Pensó que sería el inicio de la solución a sus problemas, pero pronto se dio cuenta que las consultas con la psicóloga no funcionaban; estaba igual o peor que antes del inicio de las sesiones. “Dejé de acudir porque la conexión con la experta no resultó”. El calvario para Laia continuaba.

Trastorno límite de la personalidad

En cuarto de la ESO tocó fondo y empezó a autolesionarse. El dolor físico era su única forma de sentir que estaba viva. Echando la vista atrás, la joven dice que nunca se hubiera imaginado que hacerse daño a su cuerpo era una forma de gestionar las emociones que tenía dentro. “Me encontraba tan mal, tan hundida, que la única solución que veía era hacerme daño, porque mientras tenía dolor sentía otra cosa diferente a la tristeza profunda”.

"La única solución que veía era hacerme daño"

Hasta llegar a su diagnóstico –Laia sufre trastorno límite de la personalidad– pasó por distintos especialistas. “Estuve con otra psicóloga con la que sintonicé mejor y con otros médicos que inicialmente dijeron que tenía una depresión severa. Me trataron con terapia cognitivo-conductual y antidepresivos, que no me dieron resultados, porque no sufría depresión. Cuando dieron finalmente con lo que tenía empecé a mejorar; no me lo podía creer. Después de tantos años de sufrimiento veía la luz”, relata.

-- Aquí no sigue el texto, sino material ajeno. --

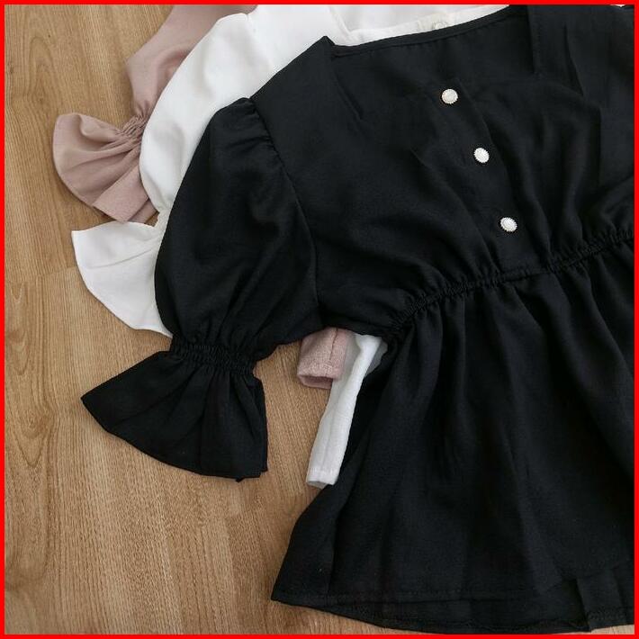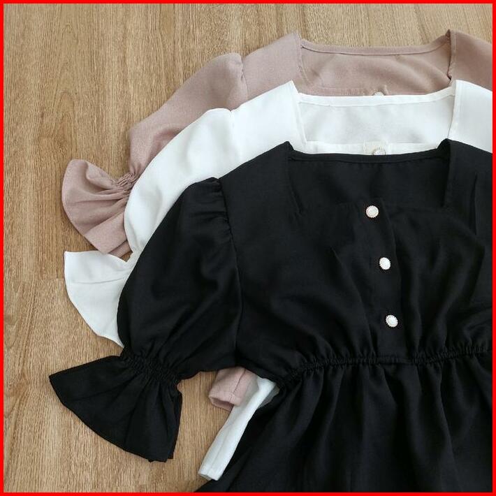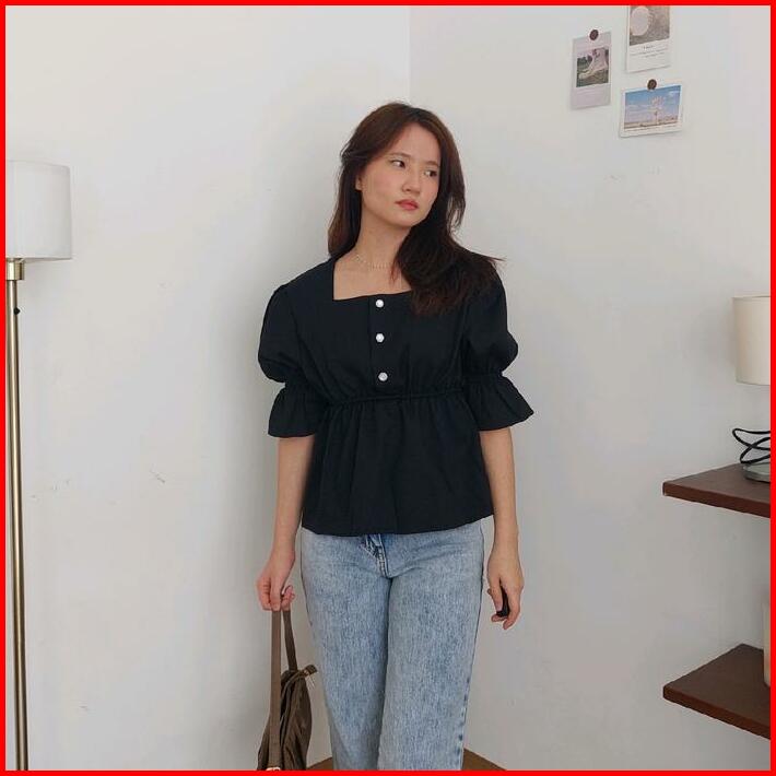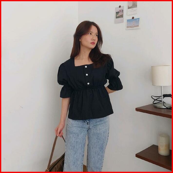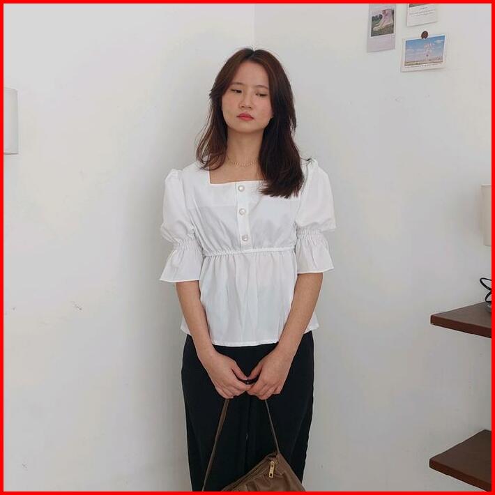 Nari Top Blouse Wanita Korea Elegan Puffy Sleeve Square Neck
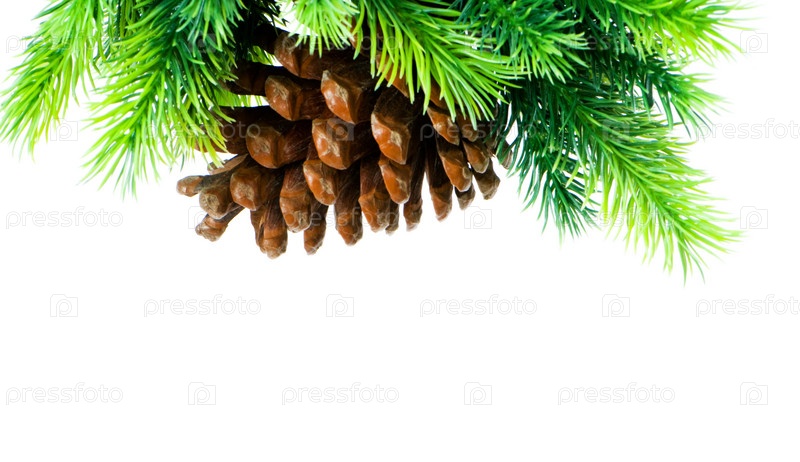 Ветка с шишкой на белом фоне

Durante los años de extrema dureza nunca intentó suicidarse, aunque con valentía reconoce que sí tuvo “muchas ganas de hacerlo”, de acabar con todo. Ideas recurrentes que todavía no han acabado y que de vez en cuando reaparecen, por lo que no tiene que bajar la guardia y ha aprendido a vivir con ello.

Saber que hay muchos jóvenes y adultos que están pasando o han pasado por su situación le ayuda a saber que no es un “bicho raro”. Por eso, no rehúsa en ofrecer su testimonio en eventos como el Seminario Lundbeck. “Me encantaría poder ayudar a la gente que está como yo y darles ánimo, pero sobre todo que pidan ayuda a su familia, aunque al principio no le puedan entender, en el colegio, al médico; reconocer que te pasa algo es clave”, explica.

Esta estudiante de Psicología, con pareja estable que le apoya en todas sus preocupaciones e incertidumbres que le genera su enfermedad, nunca pensó que volvería a tener una vida del todo funcional. “He conseguido disfrutar de las cosas buenas que nos da la vida, de mi pareja, la familia y he descubierto que me gusta mucho viajar, en cuanto puedo me subo a un avión para descubrir nuevos entornos”, concluye con una amplia sonrisa Laia.